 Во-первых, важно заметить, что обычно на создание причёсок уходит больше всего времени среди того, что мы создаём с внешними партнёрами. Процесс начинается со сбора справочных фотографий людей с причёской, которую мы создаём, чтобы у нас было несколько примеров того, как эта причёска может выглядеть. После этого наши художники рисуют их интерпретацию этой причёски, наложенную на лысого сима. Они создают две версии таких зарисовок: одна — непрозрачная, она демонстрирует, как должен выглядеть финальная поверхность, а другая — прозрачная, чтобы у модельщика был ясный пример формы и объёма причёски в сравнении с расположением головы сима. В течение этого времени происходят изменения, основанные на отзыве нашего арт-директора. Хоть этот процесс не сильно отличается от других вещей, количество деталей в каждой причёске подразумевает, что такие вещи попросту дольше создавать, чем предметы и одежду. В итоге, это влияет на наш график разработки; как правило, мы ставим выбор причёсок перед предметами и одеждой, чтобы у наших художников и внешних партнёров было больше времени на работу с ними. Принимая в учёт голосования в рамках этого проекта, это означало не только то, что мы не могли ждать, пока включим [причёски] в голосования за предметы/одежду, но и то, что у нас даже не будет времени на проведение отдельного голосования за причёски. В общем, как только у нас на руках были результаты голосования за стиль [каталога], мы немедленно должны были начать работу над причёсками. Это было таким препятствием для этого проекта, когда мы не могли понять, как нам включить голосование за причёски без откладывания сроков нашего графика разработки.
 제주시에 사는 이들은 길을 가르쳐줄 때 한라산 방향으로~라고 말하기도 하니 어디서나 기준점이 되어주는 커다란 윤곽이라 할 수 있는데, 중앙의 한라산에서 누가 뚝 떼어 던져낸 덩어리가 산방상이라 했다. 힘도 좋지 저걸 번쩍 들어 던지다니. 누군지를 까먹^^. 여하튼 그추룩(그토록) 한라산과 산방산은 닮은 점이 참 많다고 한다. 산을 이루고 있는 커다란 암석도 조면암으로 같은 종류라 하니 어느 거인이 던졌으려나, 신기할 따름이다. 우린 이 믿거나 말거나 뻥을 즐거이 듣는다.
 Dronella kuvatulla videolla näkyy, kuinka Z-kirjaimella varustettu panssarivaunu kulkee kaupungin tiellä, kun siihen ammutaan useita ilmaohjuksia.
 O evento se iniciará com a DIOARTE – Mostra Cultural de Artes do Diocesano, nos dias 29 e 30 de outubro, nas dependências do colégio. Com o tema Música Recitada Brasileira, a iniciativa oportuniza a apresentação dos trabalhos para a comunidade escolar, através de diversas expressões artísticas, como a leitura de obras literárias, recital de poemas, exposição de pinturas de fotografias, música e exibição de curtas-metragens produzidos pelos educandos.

□ □ □ □ □

Only the stretch of lines that begins with the one holding "Dronella kuvatulla videolla" and ends with the last line above belongs in the answer; please write it out exactly.

 Dronella kuvatulla videolla näkyy, kuinka Z-kirjaimella varustettu panssarivaunu kulkee kaupungin tiellä, kun siihen ammutaan useita ilmaohjuksia.
 O evento se iniciará com a DIOARTE – Mostra Cultural de Artes do Diocesano, nos dias 29 e 30 de outubro, nas dependências do colégio. Com o tema Música Recitada Brasileira, a iniciativa oportuniza a apresentação dos trabalhos para a comunidade escolar, através de diversas expressões artísticas, como a leitura de obras literárias, recital de poemas, exposição de pinturas de fotografias, música e exibição de curtas-metragens produzidos pelos educandos.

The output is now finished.